Simultaneous qualitative and quantitative analysis of tyloxapol in tobramycin eye drops by LC-Q-TOF and HPLC-ELSD

Abstract

This study employed a reverse engineering approach to evaluate and estimate the key excipients in the Reference Listed Drug (RLD), thereby supporting the development of cost-effective generic pharmaceutical products. By combining liquid chromatography-quadrupole-time-of-flight mass spectrometry (LC-Q-TOF-MS) with high-performance liquid chromatography-evaporative light scattering detection (HPLC-ELSD), qualitative and quantitative analyses of tyloxapol in a formulation were achieved.
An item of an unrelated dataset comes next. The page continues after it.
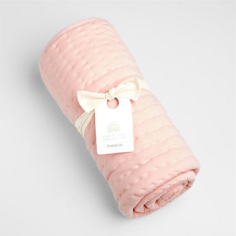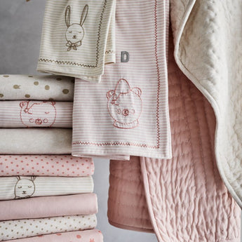 With the same coziness as your most coveted worn-in cotton tee, our supremely soft cotton heathered jersey makes a natural choice for baby bedding that soothes and comforts. In a light pink palette that feels fresh and modern, our baby crib quilt is made of organic cotton that's extra-gentle on sensitive skin. Kantha hand embroidery and hand quilting give the quilt plenty of texture without overwhelming the overall design. Pair the crib quilt with any of the colors and patterns in our Organic Heathered Jersey baby bedding collection that's made for mixing and matching to your heart's content.

MS showed that the tyloxapol reference standard, tobramycin eye drops, and the excipient tyloxapol sample 03 exhibited essentially consistent retention times, charge states, m/z ratios, and molecular weight distributions. The spectral characteristics of excipient tyloxapol sample 01 and excipient tyloxapol sample 02 were essentially consistent, as reflected in their retention times and three sets of mutually matched characteristic MS peaks. Based on these qualitative results, a quantitative HPLC-ELSD method using a TSKgel G2000SWXL column was established for the content analysis of tyloxapol. Methodology validation demonstrated that the method exhibited a strong linear relationship within the concentration range of 243.9–731.7 µg mL⁻¹ (R² = 0.999), with favorable accuracy (recovery rate = 99–106%), precision (repeatability RSD ≤ 2.2%, intermediate precision RSD ≤ 1.6%), specificity, and solution stability. The combination of Q-TOF MS and HPLC-ELSD can be applied for the qualitative and quantitative analysis of excipients in pharmaceutical formulations, supporting the reverse engineering process in generic drug development.